Suicide attempts on the rise in children
The increasing number of children being transported to hospitals for suicide attempts or suicidal thoughts is considered alarming, but the Canadian data are too incomplete to measure the extent of the problem, a Montreal researcher found.
Dr. Brett Burstein, a pediatric emergency physician, co-authored a study published this week that portrays the phenomenon in the United States. According to the findings, the number of children hospitalized for thinking or attempting to kill themselves doubled from 2007 to 2015, from 580,000 to 1.12 million.
The proportion of emergency visits for suicide attempts or suicidal thoughts also increased during this period, ranging from 2.17% to 3.5%.
The figures come from public data provided by the Centers for Disease Control and Prevention of the United States and were analyzed by Dr. Burstein and two other colleagues at the Montreal Children’s Hospital, Holly Agostino and Brian Greenfield.
Such data is not available in Canada, but a similar pattern would emerge, according to Dr. Burstein.
Only at the Montreal Children’s Hospital, emergency room visits for suicide attempts or suicidal thoughts have increased 55% since 2015 – they account for about 2% of all visits.
“Unfortunately, it’s clear that we have the same experience here in the emergency department,” said Dr. Burstein, who is also a research associate at the Child Health and Human Development Program at the University Center of Medicine. McGill health.

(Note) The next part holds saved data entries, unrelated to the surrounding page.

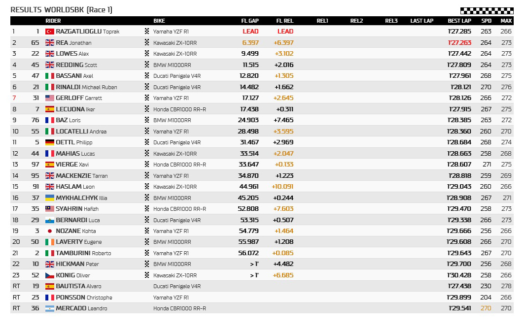 Se apagaron los semáforos en el soleado y caluroso sábado de carreras en el trazado británico de Donington Park y Toprak, como ya hiciese el año pasado, salió como un auténtico disparo colocándose en primera posición antes de llegar a la primera curva. A partir de ahí el piloto turco no dio margen a sus rivales y comenzó a abrir un hueco que sería definitivo. Después de un inicio complicado de temporada, el de Yamaha logra su primera victoria en carrera larga y recorta puntos a Rea y Bautista.
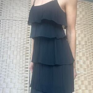 rare Vintage B. bayou black crystal pleated tiered chiffon full length strappy gown tagged an 8 fits size small,
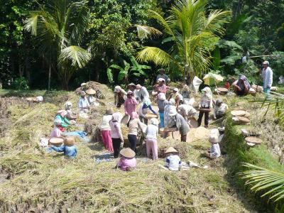 ウブドを北上していくと、なかなか日本では見られない稲刈りや脱穀などの作...
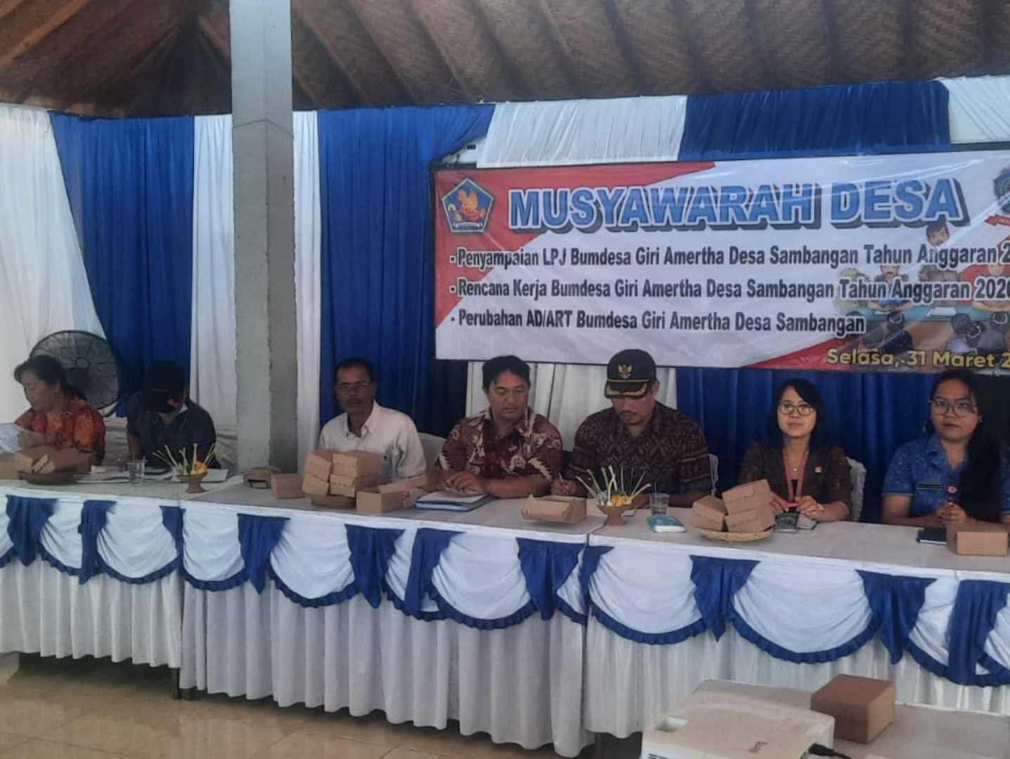 Dinas PMDPPKB Kabupaten Buleleng pada kesempatan ini diwakili oleh Staf Pemerintahan Desa, yakni Putu Radyati Sugiadnyana, SH dan Nova Wardana, SM. Kegiatan turut dihadiri oleh Perbekel Desa Sambangan beserta jajaran, Camat Sukasada, Ketua BPD Desa Sambangan, Direktur BUM Desa Giri Amertha, serta pendamping desa.

According to him, it is reasonable to speak of a “pediatric mental health crisis”.
More and more young
Dr. Burstein believes that one of the most disturbing findings of the US study is that 43% of children in emergency rooms were under 12 years of age.
“They were suicidal among children between the ages of 5 and 11 years old. It’s definitely something new, “he said.

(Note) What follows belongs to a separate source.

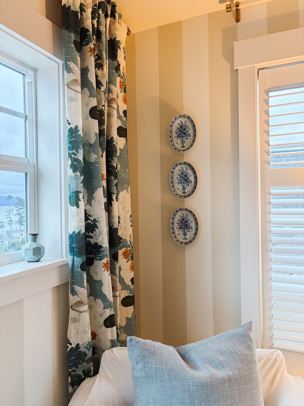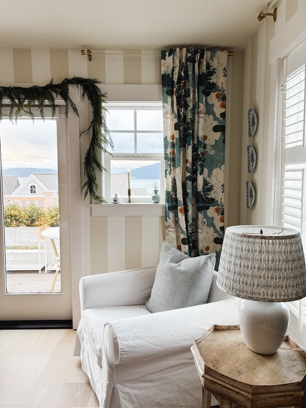 Durante las últimas semanas hemos estado ocupados pintando rayas (¡que se ha convertido en uno de nuestros patrones clásicos característicos en varios de nuestros hogares a lo largo de los años!), intercambiando muebles de una habitación a otra y colgándolos. cortinas nuevas.
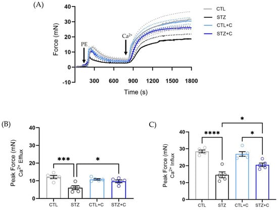 Hyperglycemia disrupts VMSCs homeostasis by promoting low-grade inflammation, oxidative stress, changes in contractile responses, and proteins [7,8,9,10,11], as well as extracellular matrix (ECM) alterations involving elastin degradation and increased collagen deposition [12,13,14]. VSMCs play a crucial role in maintaining vascular tone and reactivity, a physiological mechanism highly dependent on the cytosolic Ca2+ concentration, which regulates VSMC function. Ca2+ mishandling in VSMCs contributes to the progression of diabetic vascular complications [15,16]. Stimulation with α-1 adrenergic receptor agonists such as phenylephrine (PE) elicits a biphasic contraction curve in the aorta comprising a fast phasic component, driven by the release of Ca2+ from the sarcoplasmic reticulum (SR) followed by a slow tonic component mediated by the Ca2+ influx from the voltage-dependent and -independent channels [17]. In diabetes, this biphasic contraction curve is compromised, indicating Ca2+ mishandling in VSMCs [18], leading to impaired contractile responses and changes in the vessel wall, characteristics of diabetic vasculopathies.

These figures are particularly worrying since a first suicide attempt is the “most powerful indicator of a lifetime risk of suicide,” he said.
According to him, the study published in JAMA Pediatrics demonstrates the need to better train staff working in emergencies to ensure that children are cared for quickly – this is an opportunity to identify people at risk, he said.
Dr. Burstein would also like Canada to collect data to better deal with the problem.
An “endemic” problem
Fardous Hosseiny, National Director of Research and Public Policy at the Canadian Mental Health Association, agrees that Canada is short of data.
This would allow the authorities to channel funding to the right place to deal with the “epidemic” problem of suicidal thoughts among young Canadians, he said.
“It’s really a transition period for children, both neurobiologically and socially,” he said. They must navigate different social contexts and peer groups while discovering who they are and balancing greater responsibilities and greater autonomy. ”
According to him, to respond to the problem, governments will need to invest more in mental health to prevent people from waiting months before being treated.